§ What you will do: The material below holds pictures, which are to be left out; copy exactly the lines from the one with "Monthly Member Social" through the one with "Ready to drive".

[Data supplied Boundary: Start]

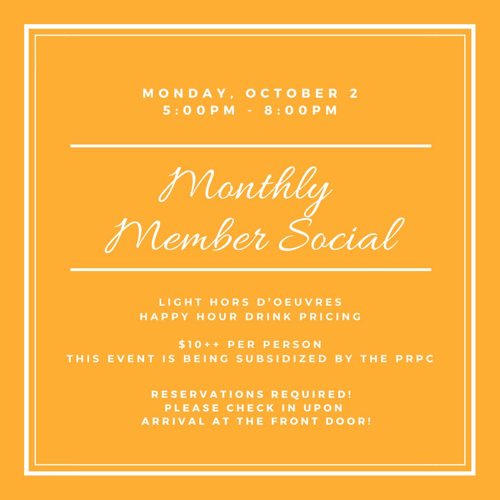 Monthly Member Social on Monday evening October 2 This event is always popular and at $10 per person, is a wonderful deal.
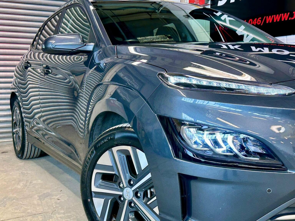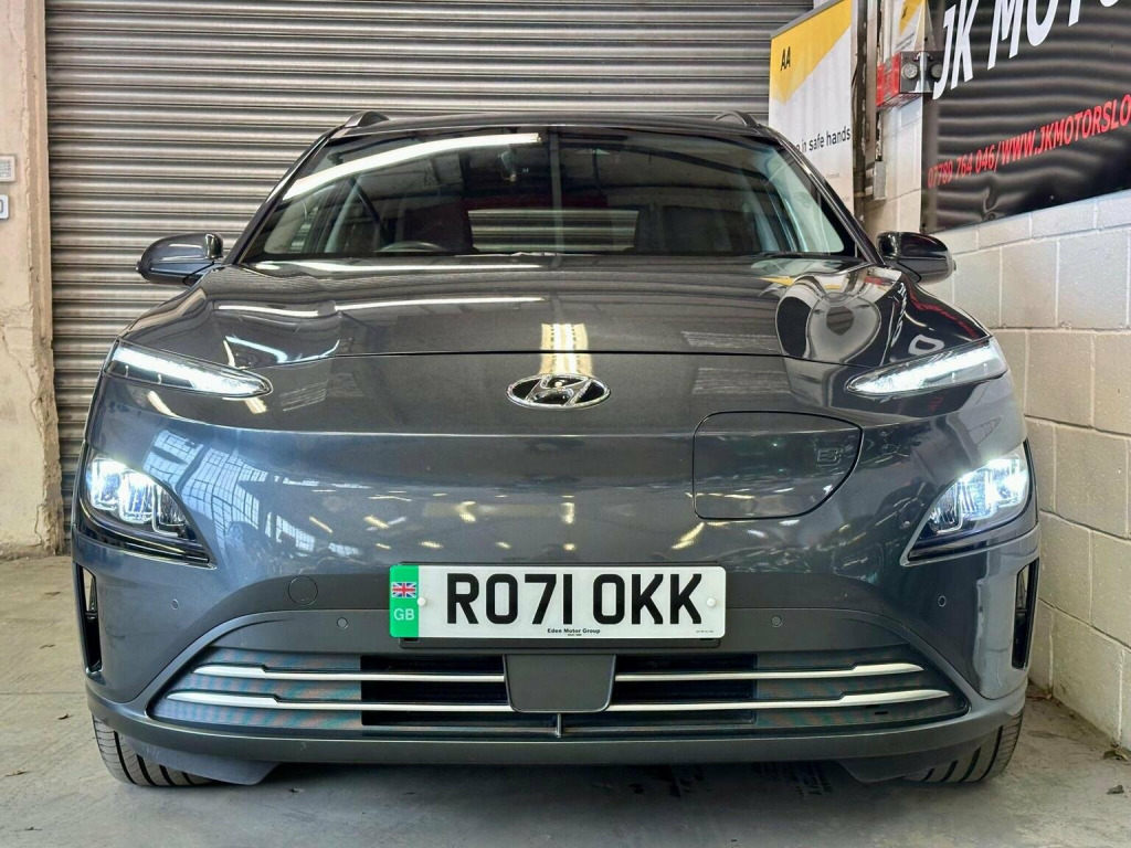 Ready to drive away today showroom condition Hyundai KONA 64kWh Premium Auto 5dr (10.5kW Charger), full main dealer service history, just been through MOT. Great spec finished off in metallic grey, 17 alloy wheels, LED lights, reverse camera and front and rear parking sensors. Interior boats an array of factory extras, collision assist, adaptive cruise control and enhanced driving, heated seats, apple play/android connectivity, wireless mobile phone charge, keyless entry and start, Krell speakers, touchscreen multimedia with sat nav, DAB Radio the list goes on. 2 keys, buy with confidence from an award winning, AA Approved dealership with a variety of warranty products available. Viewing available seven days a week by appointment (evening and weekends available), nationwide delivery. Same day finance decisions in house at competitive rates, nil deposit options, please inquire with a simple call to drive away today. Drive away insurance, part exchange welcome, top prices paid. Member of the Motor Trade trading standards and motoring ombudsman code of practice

[Data supplied Boundary: End]
[Data supplied Boundary: Start]

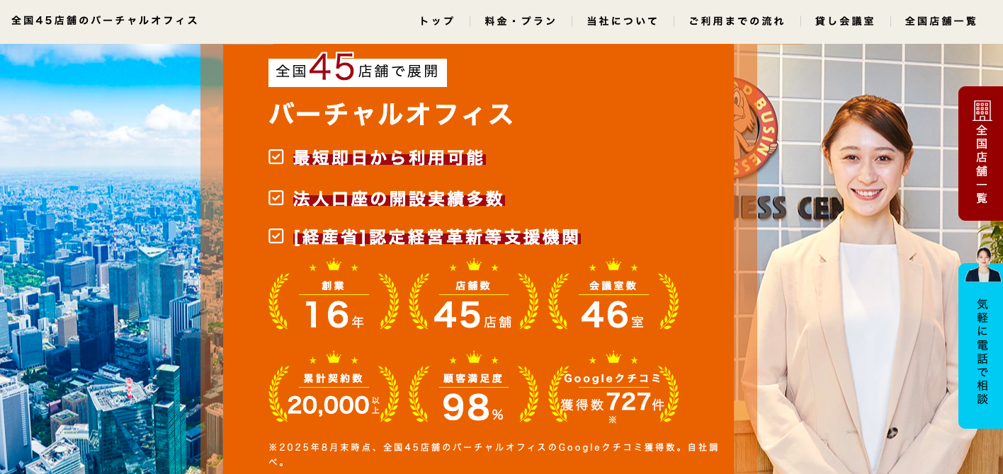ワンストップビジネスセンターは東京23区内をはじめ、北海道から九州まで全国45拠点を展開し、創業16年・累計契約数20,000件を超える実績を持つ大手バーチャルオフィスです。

[Data supplied Boundary: End]

§ The answer:
 Monthly Member Social on Monday evening October 2 This event is always popular and at $10 per person, is a wonderful deal.
 Ready to drive away today showroom condition Hyundai KONA 64kWh Premium Auto 5dr (10.5kW Charger), full main dealer service history, just been through MOT. Great spec finished off in metallic grey, 17 alloy wheels, LED lights, reverse camera and front and rear parking sensors. Interior boats an array of factory extras, collision assist, adaptive cruise control and enhanced driving, heated seats, apple play/android connectivity, wireless mobile phone charge, keyless entry and start, Krell speakers, touchscreen multimedia with sat nav, DAB Radio the list goes on. 2 keys, buy with confidence from an award winning, AA Approved dealership with a variety of warranty products available. Viewing available seven days a week by appointment (evening and weekends available), nationwide delivery. Same day finance decisions in house at competitive rates, nil deposit options, please inquire with a simple call to drive away today. Drive away insurance, part exchange welcome, top prices paid. Member of the Motor Trade trading standards and motoring ombudsman code of practice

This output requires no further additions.